▶ **ABOUT THIS TASK**: Repeat the data below exactly, dropping any pictures it holds.

▶ **GIVEN RECORDS**:
+++

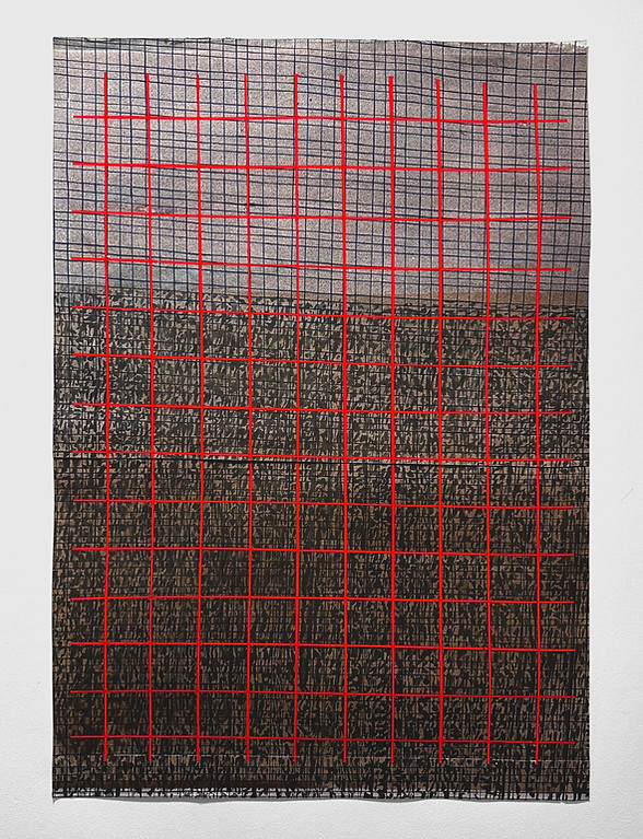 Ink, gouache, flashe paint, salt, on paper on wood panel.
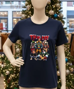 Remember that viral moment during last year’s NYC Fashion Week street style scene? Where a major celeb – let’s say, a musician known for their bold fashion choices – was spotted rocking an unexpected, vintage-inspired graphic tee with a subversive twist? That’s exactly the kind of vibe we channeled when designing the Christmas Thug Life Movie Characters Shirt. Imagine, it’s a brisk December evening in Brooklyn, maybe you’re headed to a friend’s low-key holiday gathering in Bushwick, or perhaps you’re just grabbing a craft beer at a pop-up market in the Lower East Side. You want to feel festive, but without resorting to those overtly “ugly” sweaters. This shirt? It’s your secret weapon. It’s got that nostalgic pop culture edge, merging iconic movie characters with a playful “Thug Life” holiday spin – think less Santa’s workshop, more street-smart cool. With the ongoing streetwear revival dominating the city’s fashion landscape, and the conversation around gender-neutral styling hotter than ever, this tee hits all the right notes. It’s perfect for anyone looking to stand out at a casual holiday party, make a statement while gift shopping, or just express their unique personality during the festive season. It taps into that desire for something authentic, something that whispers “I’m festive, but I’m also me,” a true reflection of today’s dynamic NYC fashion scene where individual expression reigns supreme.
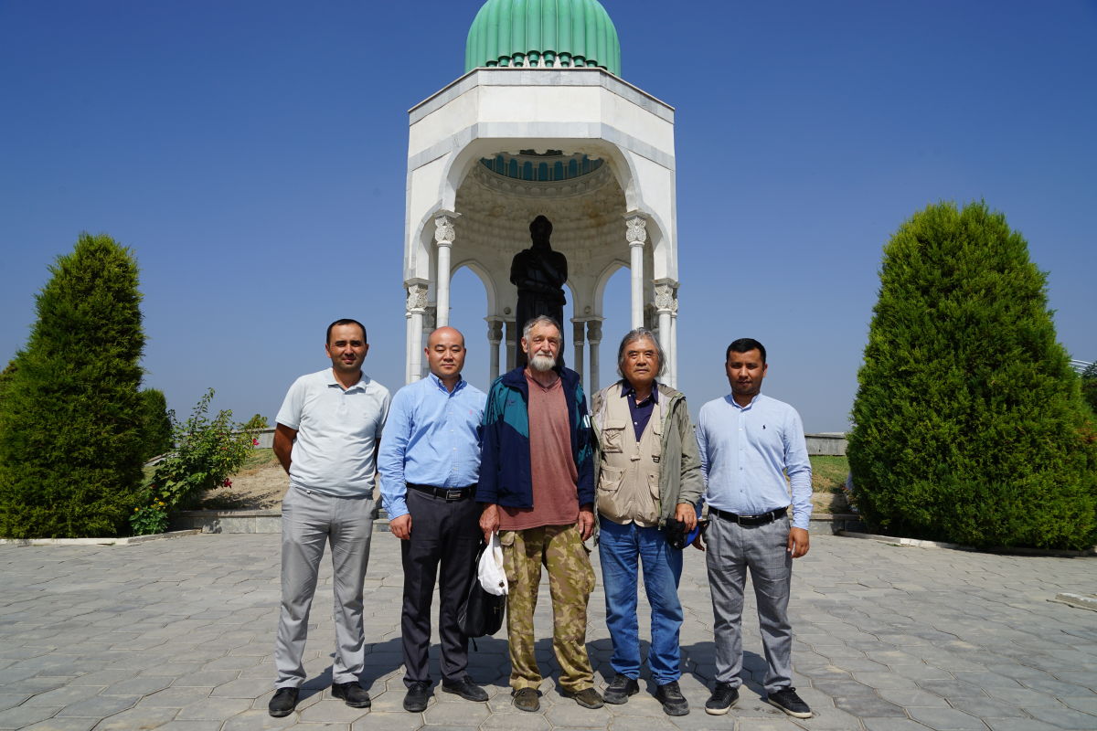 2022年8月,米兰买球丝绸之路考古合作研究中心访乌团与乌文化遗产署第一副署长图尔苏纳利·库齐耶夫先生(左三)合影留念。
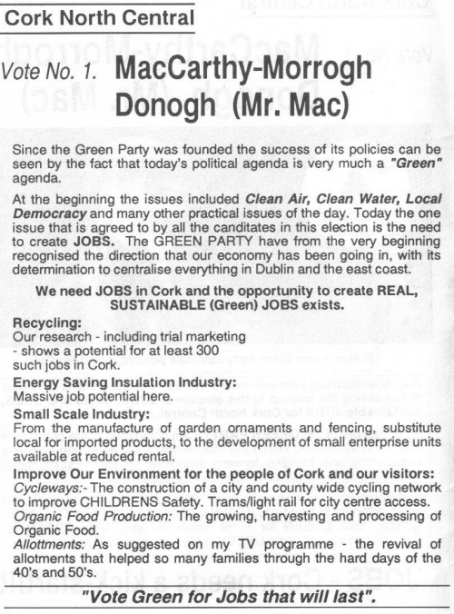 Donogh MacCarthy Morrogh (Mr Mac) – Green Party -Cork North Central 1992 » mccartmo92c
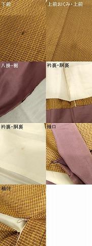 状態は接写画像のように下前・胴裏・衿裏・袖口に汚れ、上前おくみに薄い汚れ、八掛裾に破れ、胴裏・袖口・袖付に糸解けがございます。
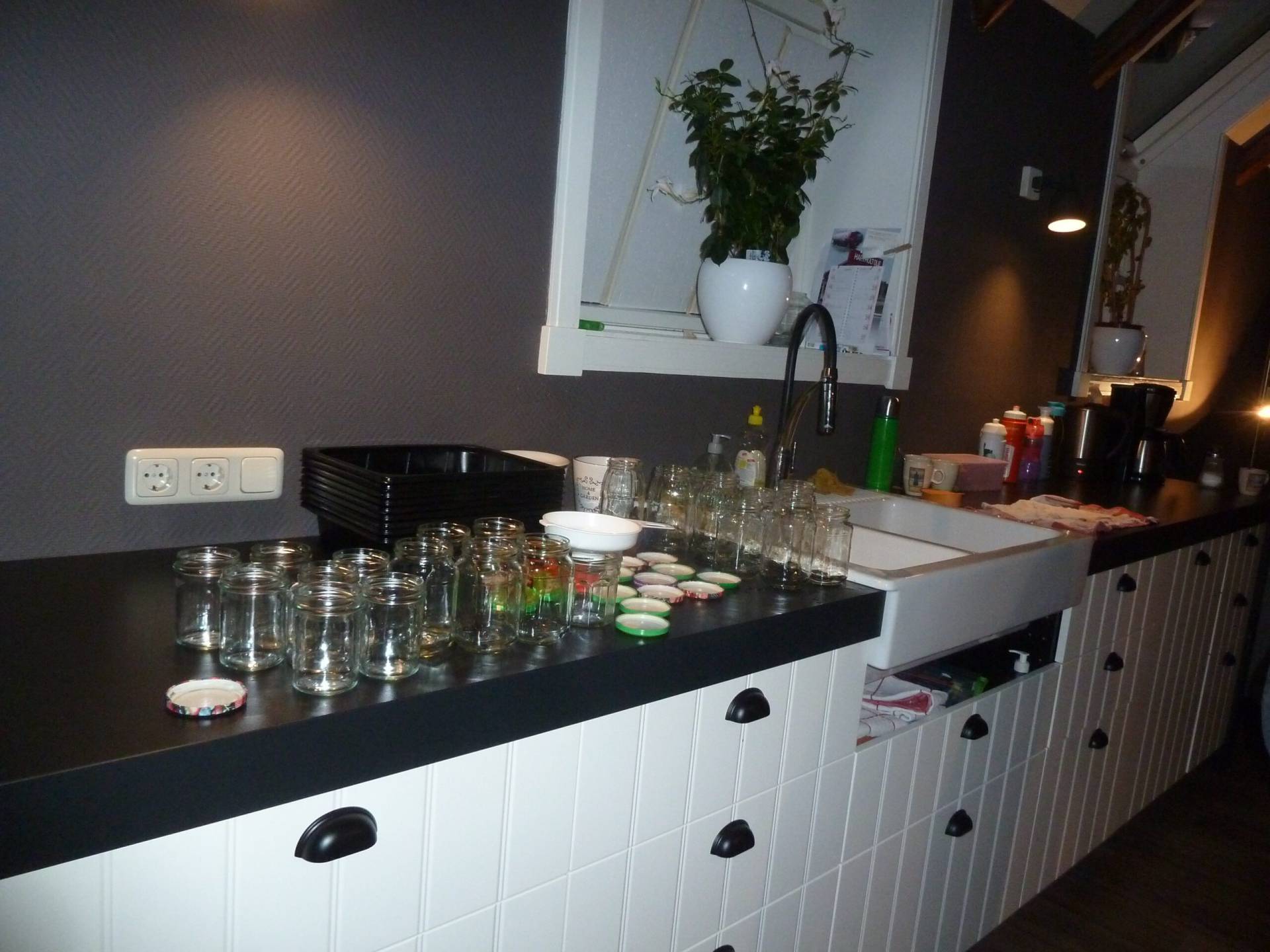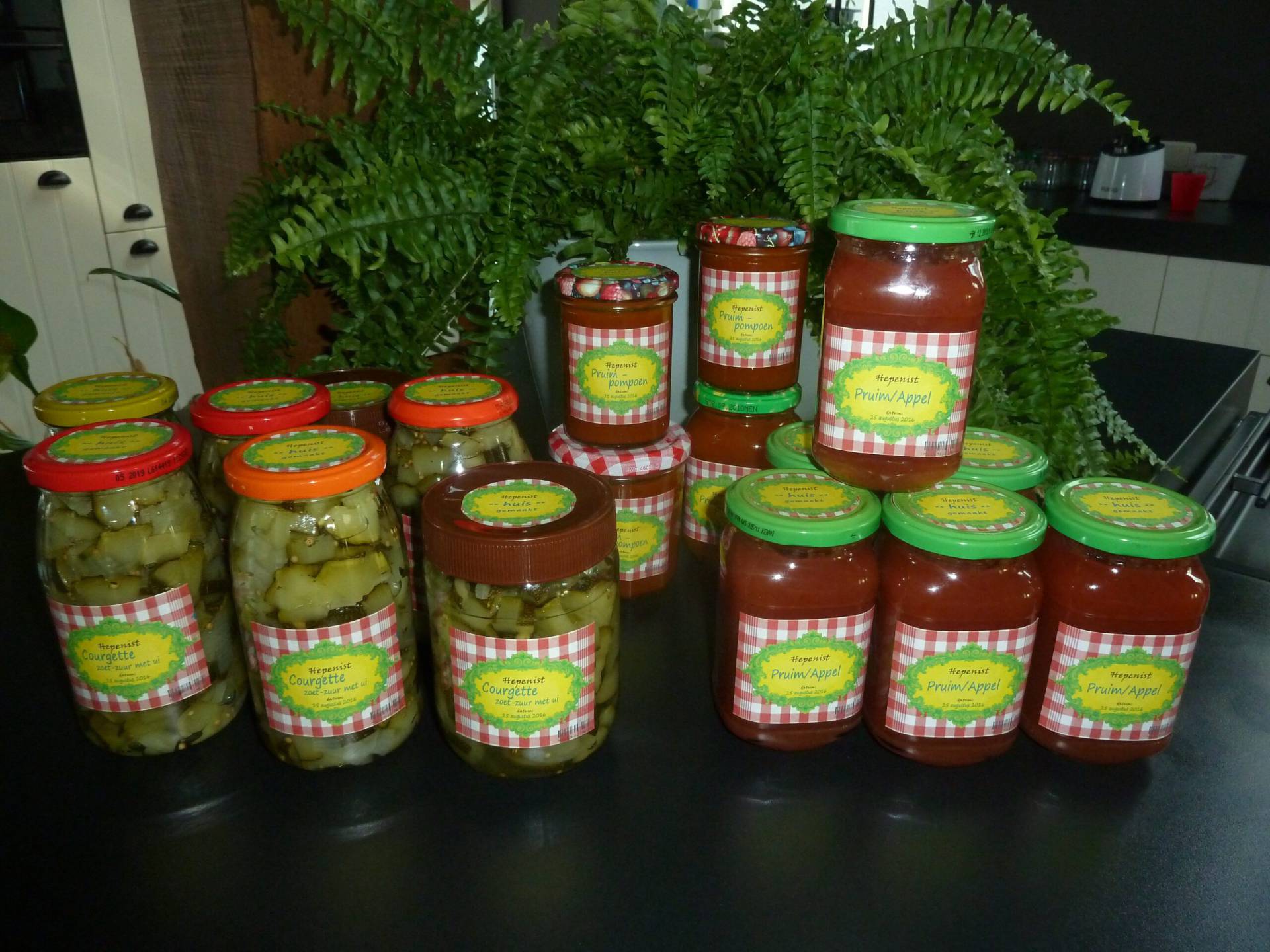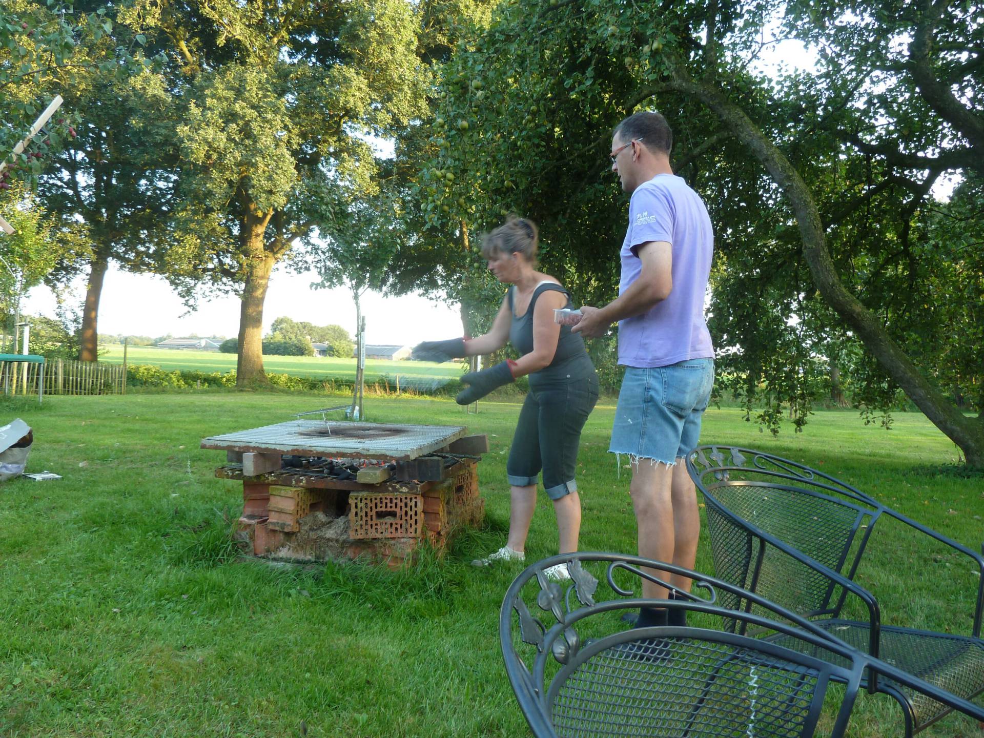 De moestuin levert ondertussen de nodige opbrengst en dat verwerken we in jam en zoet-zuur. In de boomgaard hebben we van oud bouwmateriaal een tijdelijke barbecue gebouwd.

+++

▶ **FINAL ANSWER**:
 Ink, gouache, flashe paint, salt, on paper on wood panel.
 Remember that viral moment during last year’s NYC Fashion Week street style scene? Where a major celeb – let’s say, a musician known for their bold fashion choices – was spotted rocking an unexpected, vintage-inspired graphic tee with a subversive twist? That’s exactly the kind of vibe we channeled when designing the Christmas Thug Life Movie Characters Shirt. Imagine, it’s a brisk December evening in Brooklyn, maybe you’re headed to a friend’s low-key holiday gathering in Bushwick, or perhaps you’re just grabbing a craft beer at a pop-up market in the Lower East Side. You want to feel festive, but without resorting to those overtly “ugly” sweaters. This shirt? It’s your secret weapon. It’s got that nostalgic pop culture edge, merging iconic movie characters with a playful “Thug Life” holiday spin – think less Santa’s workshop, more street-smart cool. With the ongoing streetwear revival dominating the city’s fashion landscape, and the conversation around gender-neutral styling hotter than ever, this tee hits all the right notes. It’s perfect for anyone looking to stand out at a casual holiday party, make a statement while gift shopping, or just express their unique personality during the festive season. It taps into that desire for something authentic, something that whispers “I’m festive, but I’m also me,” a true reflection of today’s dynamic NYC fashion scene where individual expression reigns supreme.
 2022年8月,米兰买球丝绸之路考古合作研究中心访乌团与乌文化遗产署第一副署长图尔苏纳利·库齐耶夫先生(左三)合影留念。
 Donogh MacCarthy Morrogh (Mr Mac) – Green Party -Cork North Central 1992 » mccartmo92c
 状態は接写画像のように下前・胴裏・衿裏・袖口に汚れ、上前おくみに薄い汚れ、八掛裾に破れ、胴裏・袖口・袖付に糸解けがございます。
 De moestuin levert ondertussen de nodige opbrengst en dat verwerken we in jam en zoet-zuur. In de boomgaard hebben we van oud bouwmateriaal een tijdelijke barbecue gebouwd.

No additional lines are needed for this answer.